Task input:

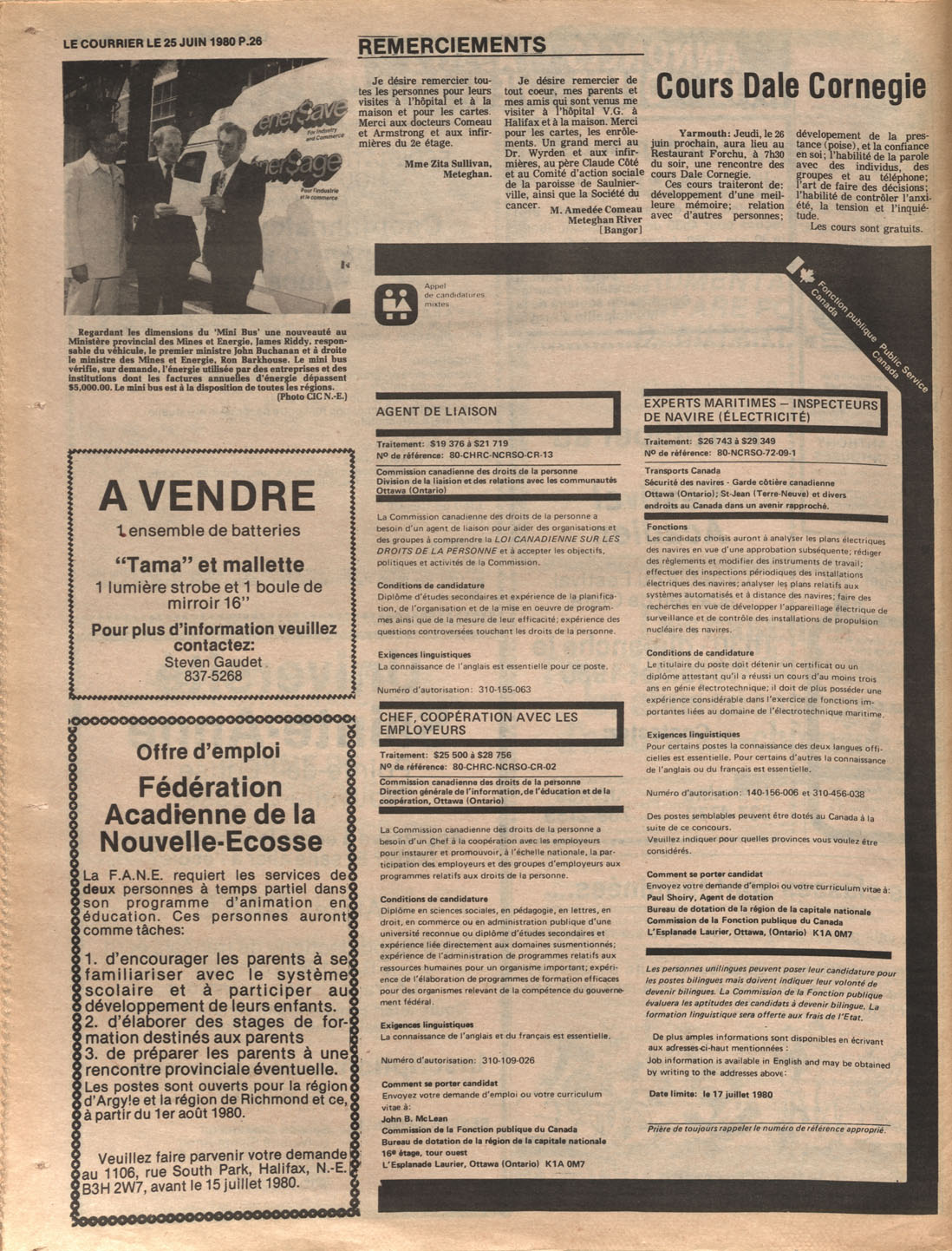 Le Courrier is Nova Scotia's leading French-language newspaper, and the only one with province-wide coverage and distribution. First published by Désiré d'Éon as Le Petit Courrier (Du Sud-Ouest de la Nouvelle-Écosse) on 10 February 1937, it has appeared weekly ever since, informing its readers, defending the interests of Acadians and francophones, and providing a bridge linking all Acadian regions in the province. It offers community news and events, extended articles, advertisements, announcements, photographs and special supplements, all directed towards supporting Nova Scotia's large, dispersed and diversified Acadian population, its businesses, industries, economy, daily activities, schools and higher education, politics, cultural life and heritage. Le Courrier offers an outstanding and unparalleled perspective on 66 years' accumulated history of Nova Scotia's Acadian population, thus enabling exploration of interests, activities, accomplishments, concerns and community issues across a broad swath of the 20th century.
--
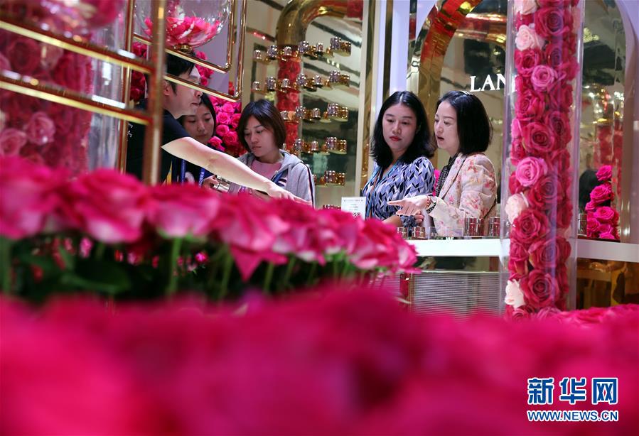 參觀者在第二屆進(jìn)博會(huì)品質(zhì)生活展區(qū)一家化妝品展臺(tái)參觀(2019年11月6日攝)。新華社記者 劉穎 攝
---
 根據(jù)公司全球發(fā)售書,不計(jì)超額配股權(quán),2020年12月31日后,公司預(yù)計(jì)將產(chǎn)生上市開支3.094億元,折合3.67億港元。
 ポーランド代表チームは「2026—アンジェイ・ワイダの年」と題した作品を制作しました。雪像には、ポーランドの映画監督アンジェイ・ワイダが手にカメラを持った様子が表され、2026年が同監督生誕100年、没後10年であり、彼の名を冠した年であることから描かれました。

Task requirements:
Beginning at the line with "根據(jù)公司全球發(fā" and stopping after the line with "ポーランド代表チームは「20", please write out every line of the data above exactly and nothing else.

Result of the exercise:
 根據(jù)公司全球發(fā)售書,不計(jì)超額配股權(quán),2020年12月31日后,公司預(yù)計(jì)將產(chǎn)生上市開支3.094億元,折合3.67億港元。
 ポーランド代表チームは「2026—アンジェイ・ワイダの年」と題した作品を制作しました。雪像には、ポーランドの映画監督アンジェイ・ワイダが手にカメラを持った様子が表され、2026年が同監督生誕100年、没後10年であり、彼の名を冠した年であることから描かれました。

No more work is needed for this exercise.